# Exercise 1 - Classifying newswires: A multiclass classification example
In this exercise, you will build a model to classify Reuters newswires into 46 mutually exclusive topics. Because we have many classes, this problem is an instance of multiclass classification, and because each data point should be classified into only one category, the problem is more specifically an instance of single-label multiclass classification.
If each data point could belong to multiple categories (in this case, topics), we’d be facing a multilabel multiclass classification problem.
%% Cell type:markdown id: tags:
### The Reuters dataset
You’ll work with the _Reuters_ dataset, a set of short newswires and their topics, published by Reuters in 1986. It’s a simple, widely used toy dataset for text classification. There are 46 different topics; some topics are more represented than others, but each topic
has at least 10 examples in the training set.

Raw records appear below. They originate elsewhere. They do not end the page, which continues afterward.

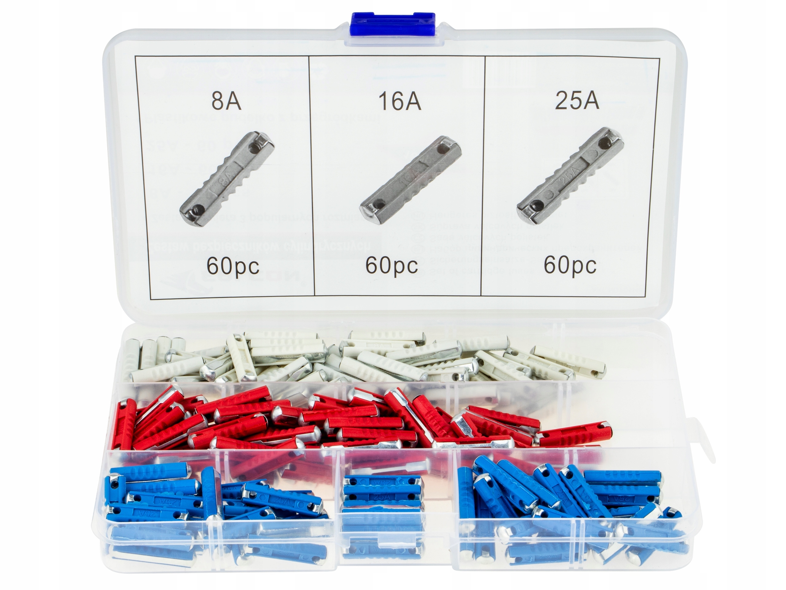 циліндричні запобіжники - у дуже практичному пластиковому сортувальнику.
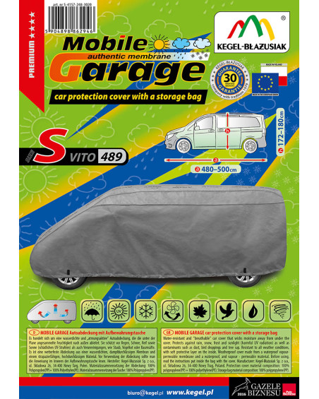 Wysokogatunkowy pokrowiec Mobile Garage na kamper van to produkt dopasowany do potrzeb kierowców. Pokrowiec wykonany jest z aż 4-warstwowego materiału, który jest gruby, mocny i wytrzymały. Pokrowiec chroni cały kamper przed szkodliwym wpływem środowiska. Pokrowiec Mobile Garage to odpowiednia ochrona kampera przez cały rok. Jego funkcjonalność docenić można w każdej porze roku. W sezonie zimowym zapobiega osadzaniu się śniegu, szronu i lodu, a także jest odporny na przymarzanie; na jesieni chroni przed deszczem, wiatrem, liśćmi, sokami z drzew; zaś w porach letnich i wiosennych ochrania przed promieniami UV, pyłem i ptasimi odchodami.
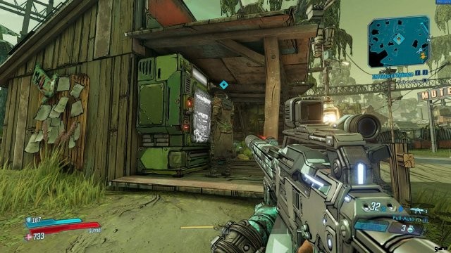 ドアがまだ詰まっている状態で、コントロール ボックスを撃って小屋へのドアを開けてください。
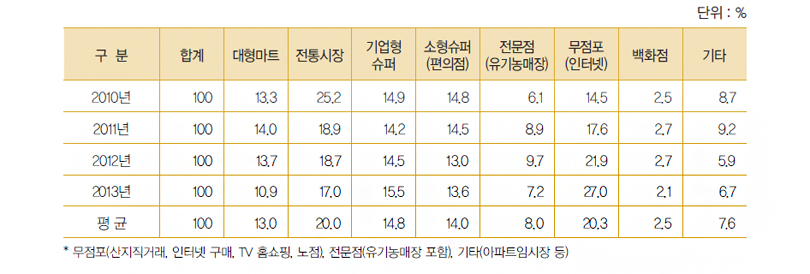 <표1> 신선사과 주요 구입처별 구입액 비중 추이
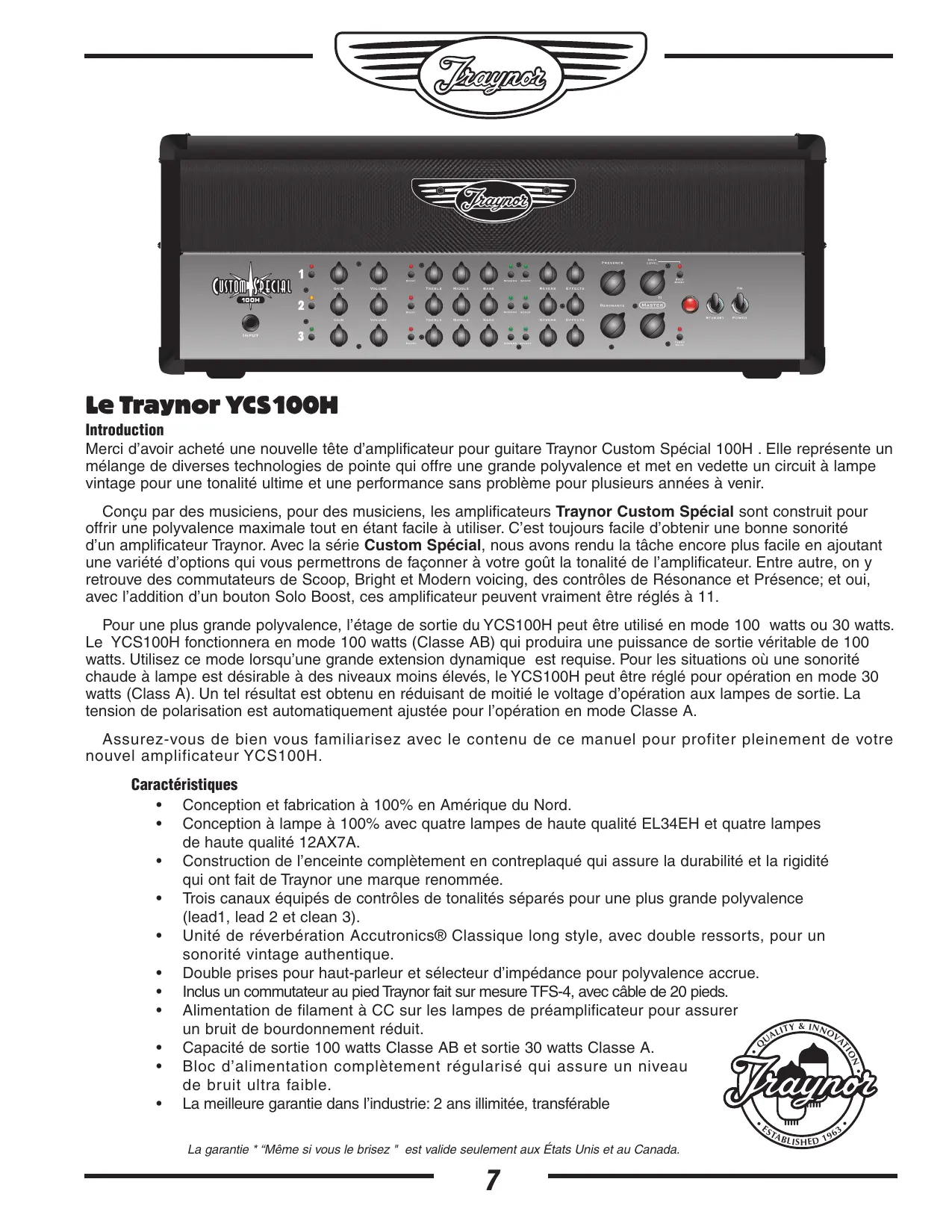 Merci d'avoir acheté une nouvelle tête d'amplificateur pour guitare Traynor Custom Special 100H. Elle représente un mélange de diverses technologies de pointe qui offre une grande polyvalence et met en vedette un circuit à lampe vintage pour une tonalité ultime et une performance sans problème pour plusieurs années à partir.

Like IMDB and MNIST, the Reuters dataset comes packaged as part of Keras. Let’s take a look.
To vectorize the labels, there are two possibilities:
1. you can cast the label list as an integer tensor, or
2. you can use one-hot encoding.
One-hot encoding is a widely used format for categorical data, also called categorical encoding. In this case, one-hot encoding of
the labels consists of embedding each label as an all-zero vector with a 1 in the place of the label index.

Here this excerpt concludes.